**What this task involves:** Within the entries below, output exactly the lines between the line containing "of Lamerd |" and the line containing "Продаётся 1-комн. квартира", inclusive, and omit any picture.
_ _ _ _ _ _ _
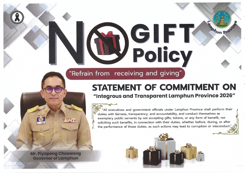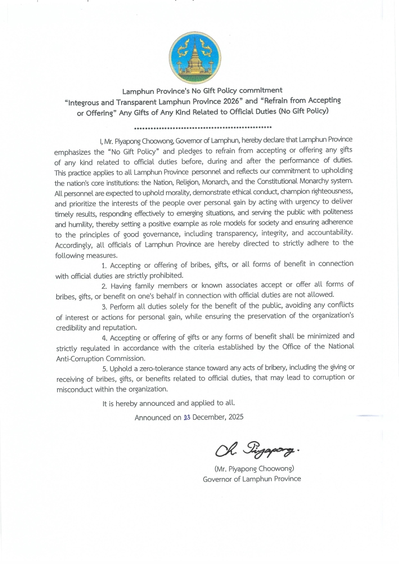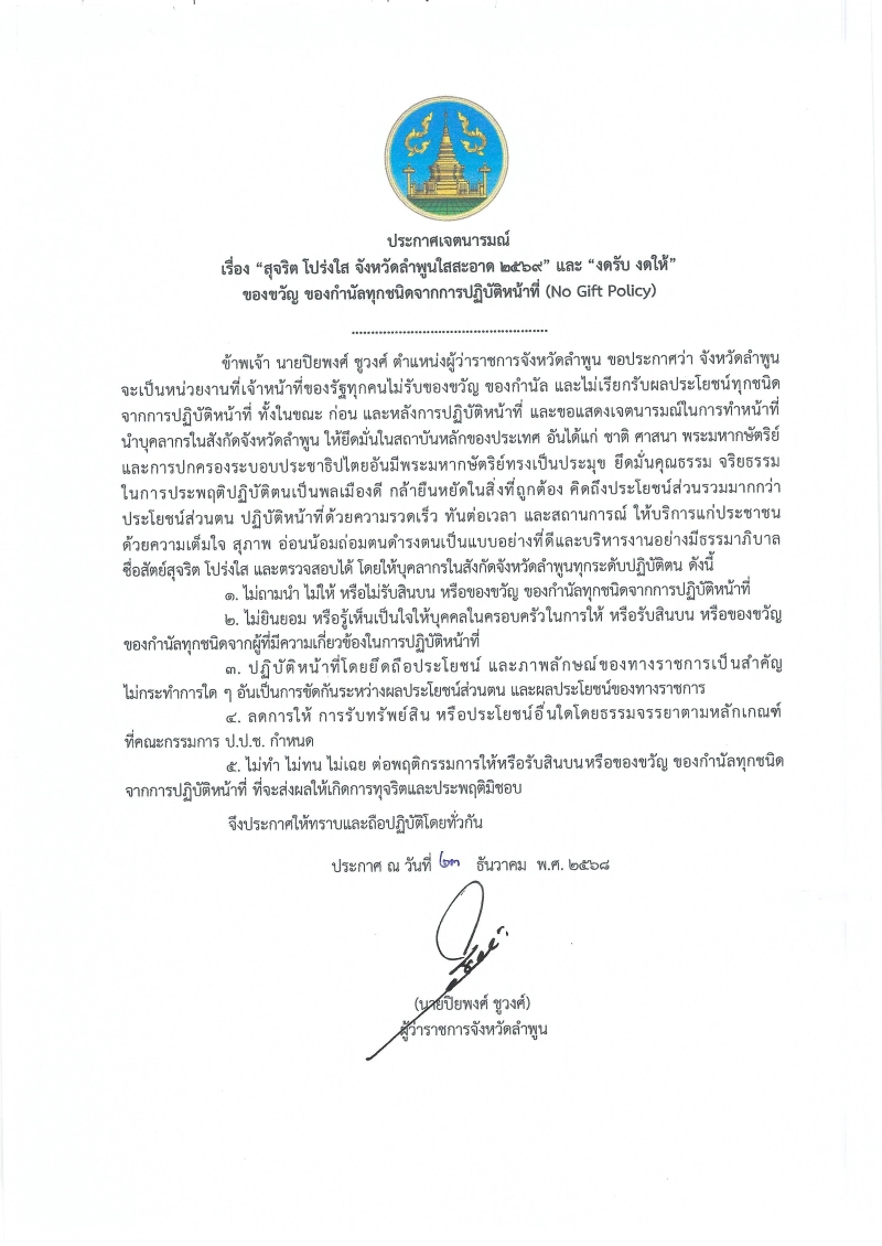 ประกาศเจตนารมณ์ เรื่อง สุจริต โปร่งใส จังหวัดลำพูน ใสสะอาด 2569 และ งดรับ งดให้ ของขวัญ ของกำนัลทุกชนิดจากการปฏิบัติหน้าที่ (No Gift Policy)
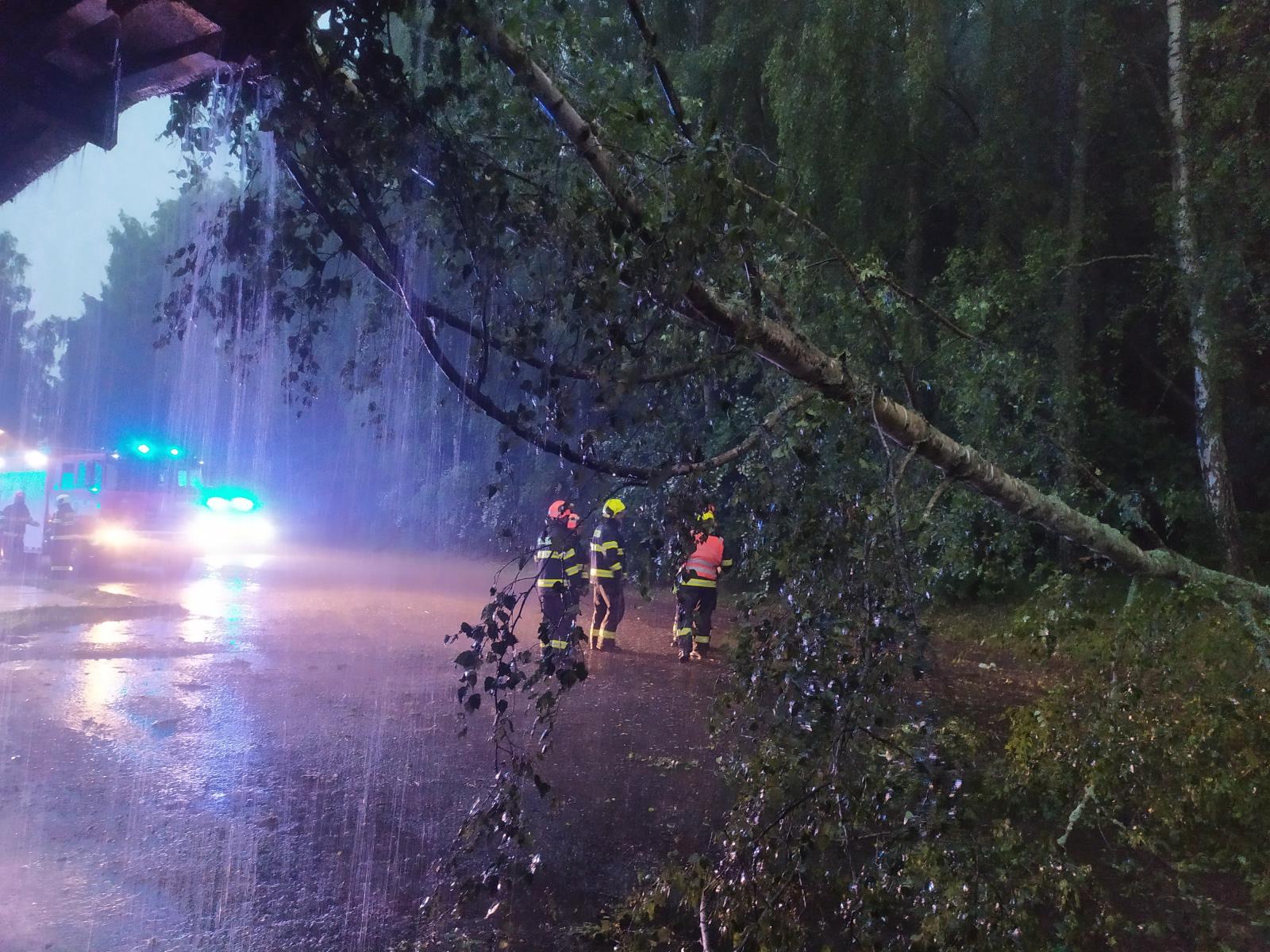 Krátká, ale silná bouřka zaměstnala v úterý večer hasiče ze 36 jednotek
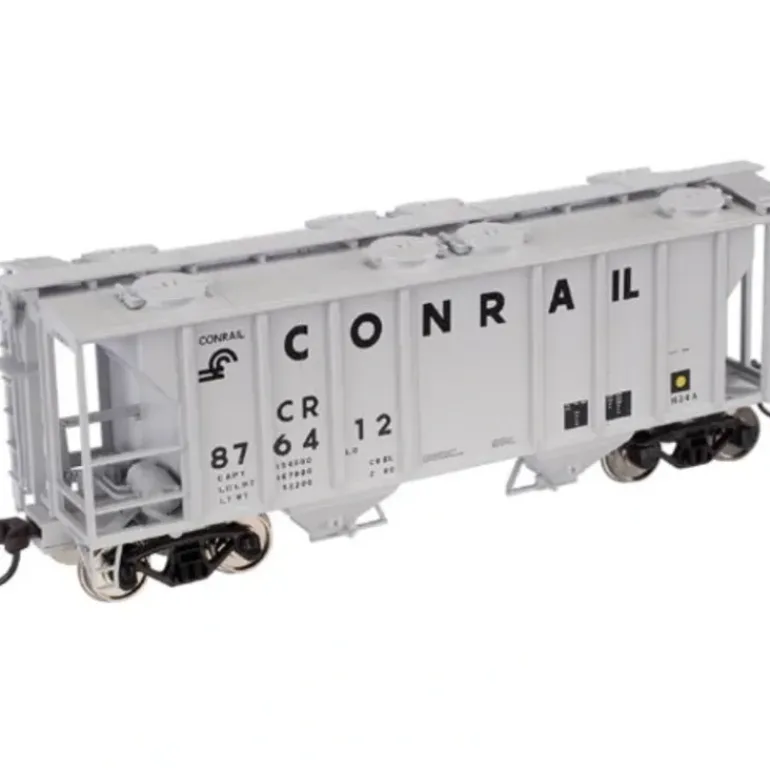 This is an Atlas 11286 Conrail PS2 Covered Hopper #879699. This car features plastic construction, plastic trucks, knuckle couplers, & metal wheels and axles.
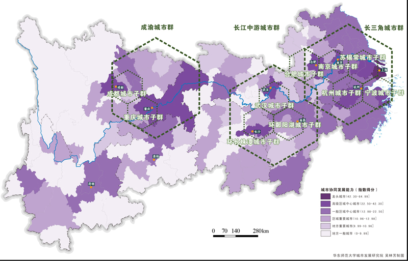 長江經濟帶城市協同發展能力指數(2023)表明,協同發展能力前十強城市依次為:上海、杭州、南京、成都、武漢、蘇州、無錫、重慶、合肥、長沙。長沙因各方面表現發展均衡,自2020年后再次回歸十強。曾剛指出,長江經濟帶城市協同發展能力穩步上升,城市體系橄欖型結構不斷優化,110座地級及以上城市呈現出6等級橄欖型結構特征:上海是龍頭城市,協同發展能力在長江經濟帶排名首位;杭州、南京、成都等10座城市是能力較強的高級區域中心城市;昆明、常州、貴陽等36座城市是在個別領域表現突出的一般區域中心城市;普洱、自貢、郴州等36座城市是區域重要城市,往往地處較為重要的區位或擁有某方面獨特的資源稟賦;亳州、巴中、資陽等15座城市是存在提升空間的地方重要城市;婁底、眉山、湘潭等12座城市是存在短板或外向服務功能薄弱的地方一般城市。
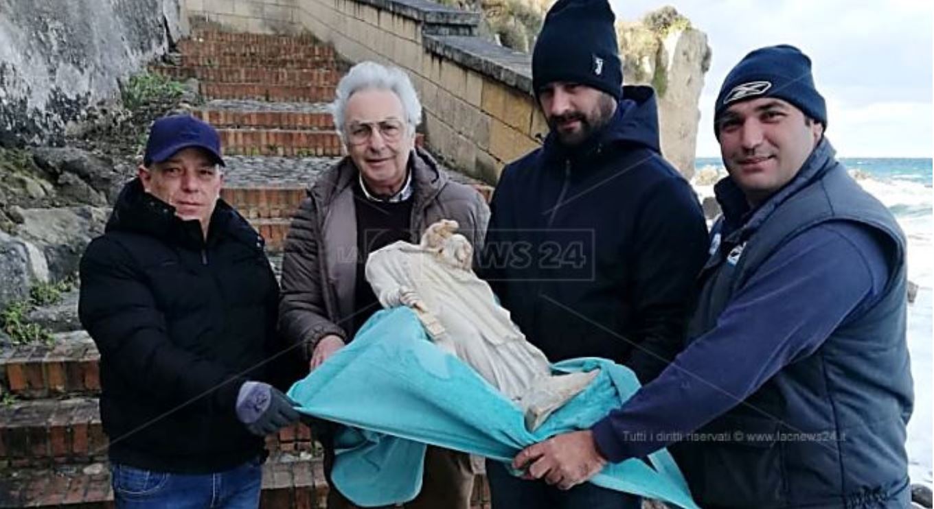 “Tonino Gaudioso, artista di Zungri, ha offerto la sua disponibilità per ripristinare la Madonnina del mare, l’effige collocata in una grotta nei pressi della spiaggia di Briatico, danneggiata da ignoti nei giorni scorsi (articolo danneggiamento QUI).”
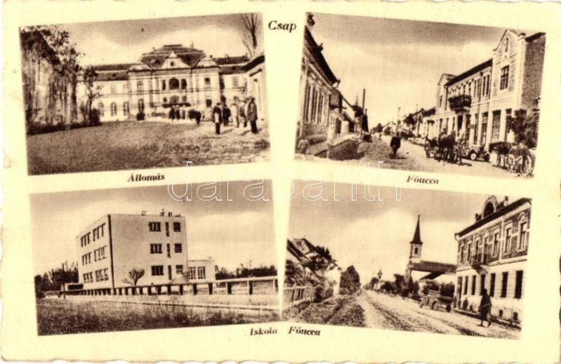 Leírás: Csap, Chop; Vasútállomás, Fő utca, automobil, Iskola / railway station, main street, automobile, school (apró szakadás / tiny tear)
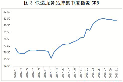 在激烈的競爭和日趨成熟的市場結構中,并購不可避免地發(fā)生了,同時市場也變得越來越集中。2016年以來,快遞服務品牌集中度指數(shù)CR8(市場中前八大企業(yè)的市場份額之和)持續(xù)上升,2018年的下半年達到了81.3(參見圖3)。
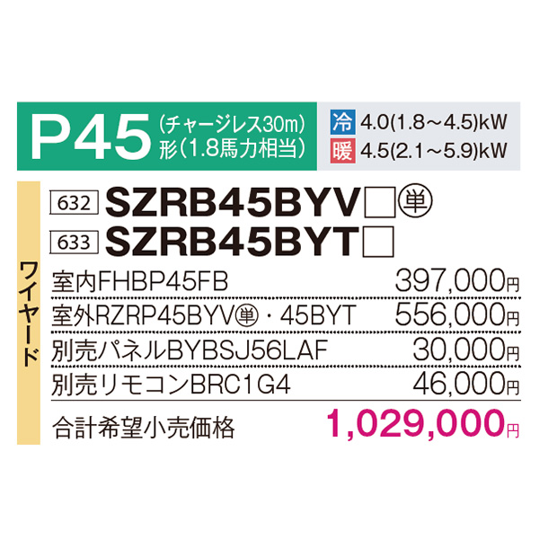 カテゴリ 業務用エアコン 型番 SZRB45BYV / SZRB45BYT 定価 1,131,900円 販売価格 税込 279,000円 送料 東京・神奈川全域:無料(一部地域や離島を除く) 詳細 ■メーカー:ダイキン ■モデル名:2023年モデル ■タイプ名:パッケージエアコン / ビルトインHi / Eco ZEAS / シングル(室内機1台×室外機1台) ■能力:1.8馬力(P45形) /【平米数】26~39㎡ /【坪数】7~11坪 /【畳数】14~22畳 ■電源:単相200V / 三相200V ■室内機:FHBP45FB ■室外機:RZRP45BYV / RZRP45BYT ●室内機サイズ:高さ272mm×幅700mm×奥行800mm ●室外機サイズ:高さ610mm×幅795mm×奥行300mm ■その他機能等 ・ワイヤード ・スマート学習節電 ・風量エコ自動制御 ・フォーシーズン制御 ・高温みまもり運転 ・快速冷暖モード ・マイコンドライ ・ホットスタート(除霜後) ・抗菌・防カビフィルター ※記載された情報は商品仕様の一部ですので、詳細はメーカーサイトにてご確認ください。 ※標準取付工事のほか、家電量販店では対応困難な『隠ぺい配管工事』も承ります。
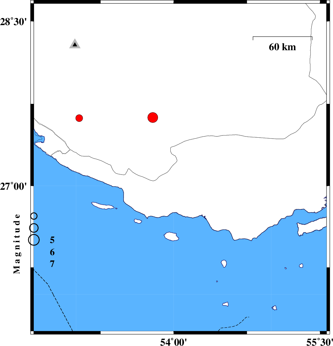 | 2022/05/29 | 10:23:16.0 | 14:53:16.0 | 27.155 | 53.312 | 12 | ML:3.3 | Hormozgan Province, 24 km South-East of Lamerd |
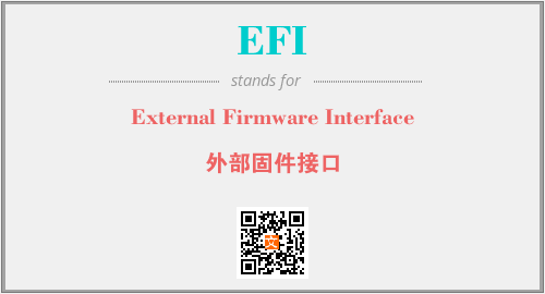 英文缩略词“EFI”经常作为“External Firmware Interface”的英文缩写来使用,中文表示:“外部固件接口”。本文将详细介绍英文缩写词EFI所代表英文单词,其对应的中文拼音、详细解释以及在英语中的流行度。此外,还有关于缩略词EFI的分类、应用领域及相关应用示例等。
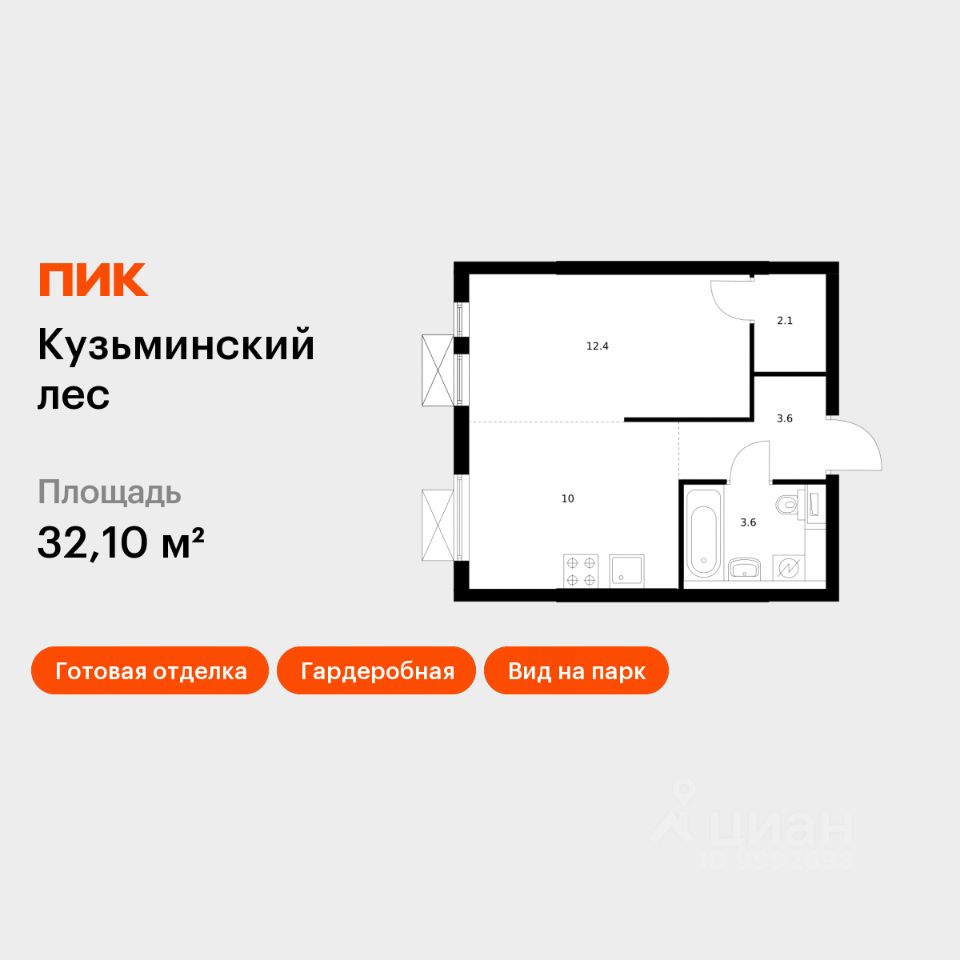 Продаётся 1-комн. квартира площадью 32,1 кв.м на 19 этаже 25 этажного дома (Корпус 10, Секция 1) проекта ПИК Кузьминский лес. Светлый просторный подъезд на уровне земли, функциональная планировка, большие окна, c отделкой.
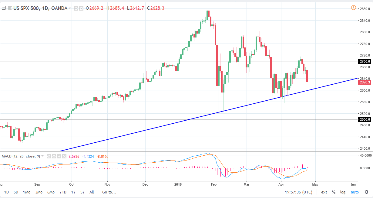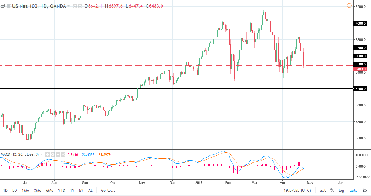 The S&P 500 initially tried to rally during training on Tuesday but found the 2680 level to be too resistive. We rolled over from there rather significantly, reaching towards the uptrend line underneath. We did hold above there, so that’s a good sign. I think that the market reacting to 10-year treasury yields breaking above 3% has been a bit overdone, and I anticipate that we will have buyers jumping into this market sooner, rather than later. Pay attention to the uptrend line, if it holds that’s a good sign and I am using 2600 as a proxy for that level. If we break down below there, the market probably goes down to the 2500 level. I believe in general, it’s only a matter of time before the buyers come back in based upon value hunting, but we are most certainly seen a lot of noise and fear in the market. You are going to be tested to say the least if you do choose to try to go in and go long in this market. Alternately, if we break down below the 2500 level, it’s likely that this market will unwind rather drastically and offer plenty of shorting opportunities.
_ _ _ _ _ _ _
**Task answer:**
 | 2022/05/29 | 10:23:16.0 | 14:53:16.0 | 27.155 | 53.312 | 12 | ML:3.3 | Hormozgan Province, 24 km South-East of Lamerd |
 英文缩略词“EFI”经常作为“External Firmware Interface”的英文缩写来使用,中文表示:“外部固件接口”。本文将详细介绍英文缩写词EFI所代表英文单词,其对应的中文拼音、详细解释以及在英语中的流行度。此外,还有关于缩略词EFI的分类、应用领域及相关应用示例等。
 Продаётся 1-комн. квартира площадью 32,1 кв.м на 19 этаже 25 этажного дома (Корпус 10, Секция 1) проекта ПИК Кузьминский лес. Светлый просторный подъезд на уровне земли, функциональная планировка, большие окна, c отделкой.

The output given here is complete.